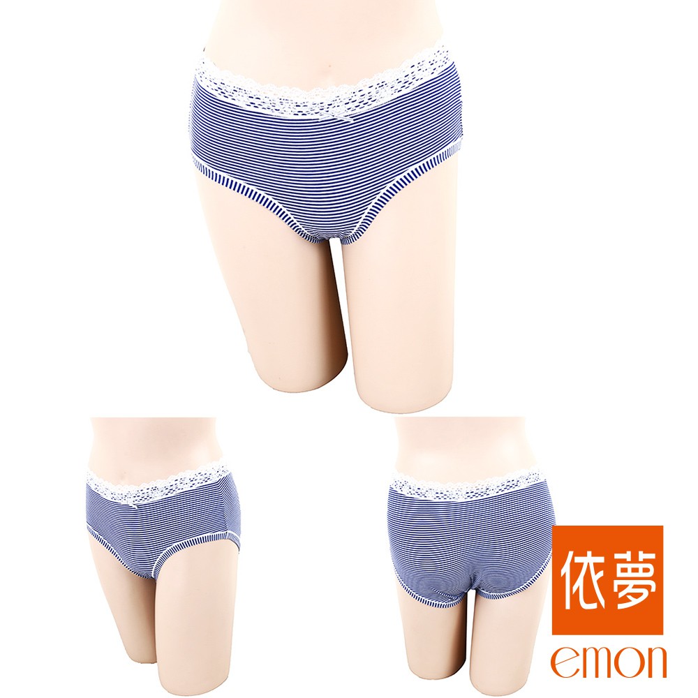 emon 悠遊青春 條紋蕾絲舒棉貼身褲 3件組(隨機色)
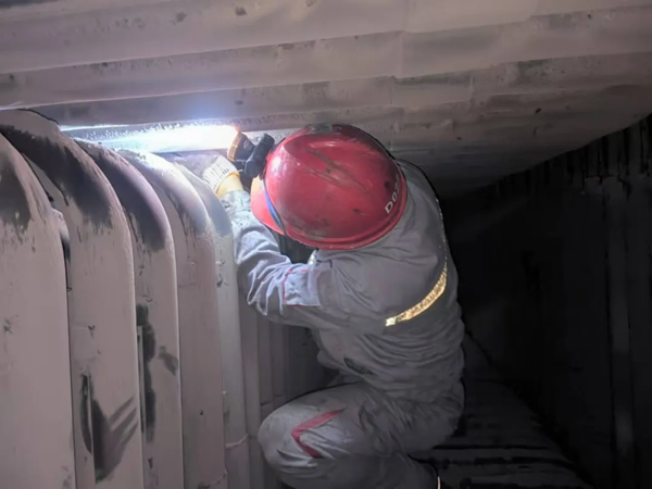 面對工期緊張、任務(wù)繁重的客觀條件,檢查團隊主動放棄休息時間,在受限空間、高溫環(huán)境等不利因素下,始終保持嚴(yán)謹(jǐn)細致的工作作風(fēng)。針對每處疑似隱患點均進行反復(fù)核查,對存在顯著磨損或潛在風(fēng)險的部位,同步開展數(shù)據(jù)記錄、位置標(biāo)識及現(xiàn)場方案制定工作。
---
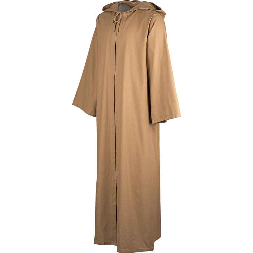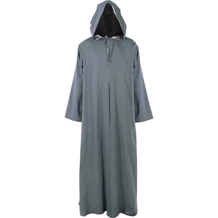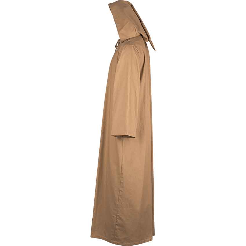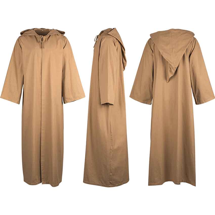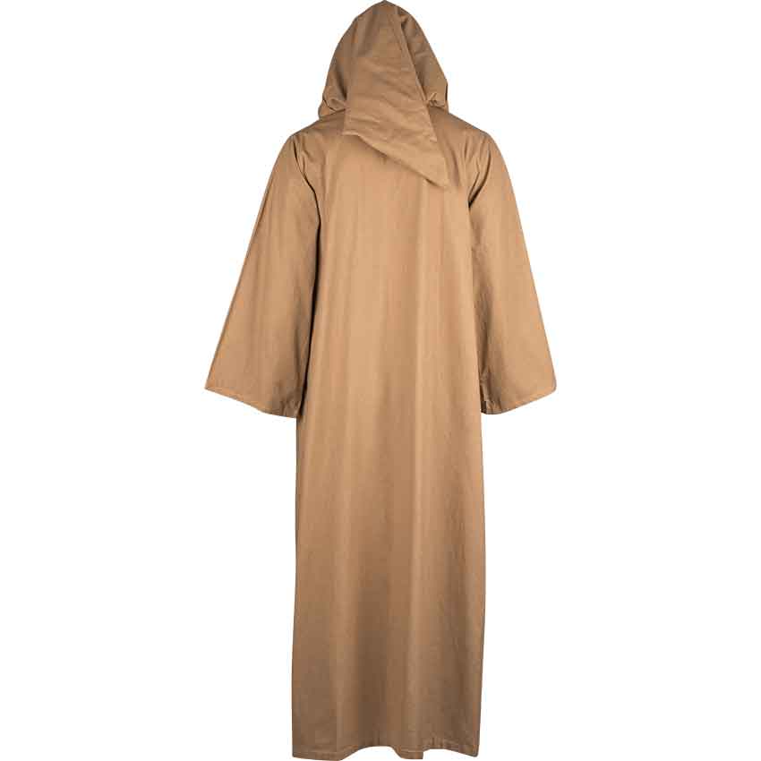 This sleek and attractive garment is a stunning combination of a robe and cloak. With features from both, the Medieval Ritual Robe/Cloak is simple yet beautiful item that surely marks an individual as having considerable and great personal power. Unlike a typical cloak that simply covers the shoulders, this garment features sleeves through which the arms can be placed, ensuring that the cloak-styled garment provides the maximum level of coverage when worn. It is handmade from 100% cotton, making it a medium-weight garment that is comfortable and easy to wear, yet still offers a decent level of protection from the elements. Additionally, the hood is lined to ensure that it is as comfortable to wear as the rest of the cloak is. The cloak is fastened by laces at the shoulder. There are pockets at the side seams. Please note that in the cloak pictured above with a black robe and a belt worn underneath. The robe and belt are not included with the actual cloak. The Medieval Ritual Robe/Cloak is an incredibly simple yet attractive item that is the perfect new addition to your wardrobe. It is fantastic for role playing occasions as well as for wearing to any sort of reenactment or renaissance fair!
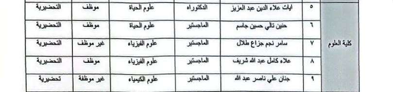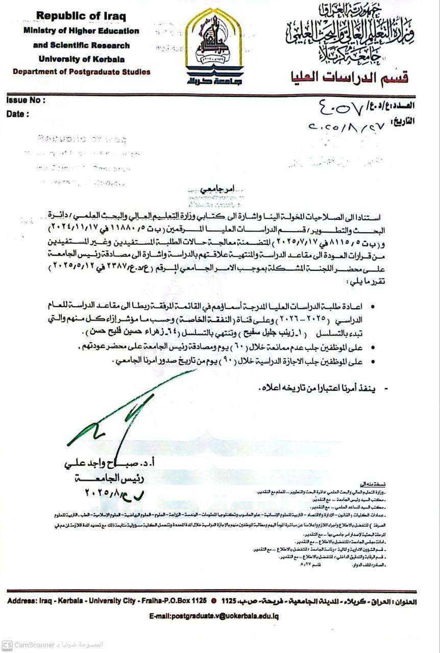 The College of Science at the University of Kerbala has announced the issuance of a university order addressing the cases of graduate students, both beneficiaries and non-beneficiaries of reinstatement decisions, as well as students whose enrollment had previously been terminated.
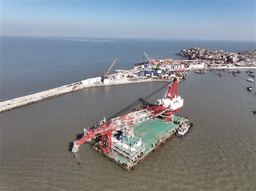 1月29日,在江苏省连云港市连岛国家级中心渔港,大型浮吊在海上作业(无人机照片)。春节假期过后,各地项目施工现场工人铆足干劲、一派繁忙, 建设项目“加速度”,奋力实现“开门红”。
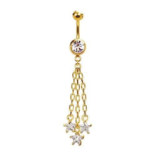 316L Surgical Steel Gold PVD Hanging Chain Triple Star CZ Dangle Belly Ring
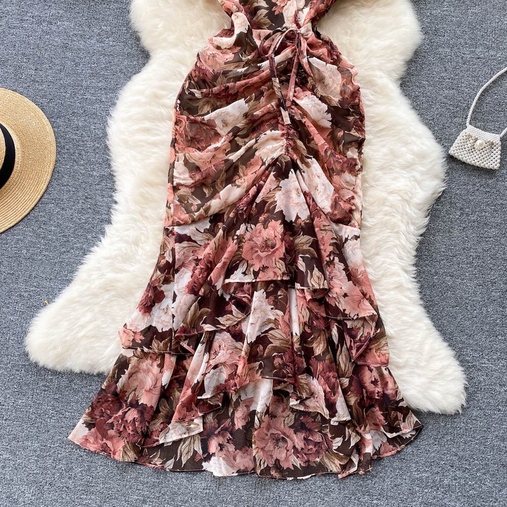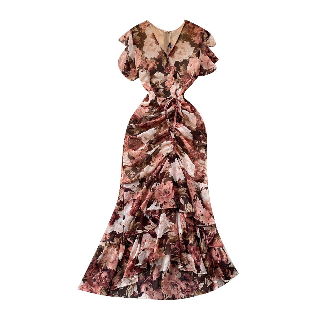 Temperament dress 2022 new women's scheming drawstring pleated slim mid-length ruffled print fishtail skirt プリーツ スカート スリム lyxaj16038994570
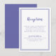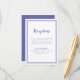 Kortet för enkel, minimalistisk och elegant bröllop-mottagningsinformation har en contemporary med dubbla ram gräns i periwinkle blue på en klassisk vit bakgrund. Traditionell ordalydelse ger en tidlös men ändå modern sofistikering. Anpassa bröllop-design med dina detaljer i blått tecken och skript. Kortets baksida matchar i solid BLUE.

INSTRUCTIONS TO FOLLOW. Look through the listing above for the line with "Temperament dress 2022" and the line with "Kortet för enkel, minimalistisk". Write out exactly those lines and everything between, leaving out pictures.

COMPLETED TASK.
 Temperament dress 2022 new women's scheming drawstring pleated slim mid-length ruffled print fishtail skirt プリーツ スカート スリム lyxaj16038994570
 Kortet för enkel, minimalistisk och elegant bröllop-mottagningsinformation har en contemporary med dubbla ram gräns i periwinkle blue på en klassisk vit bakgrund. Traditionell ordalydelse ger en tidlös men ändå modern sofistikering. Anpassa bröllop-design med dina detaljer i blått tecken och skript. Kortets baksida matchar i solid BLUE.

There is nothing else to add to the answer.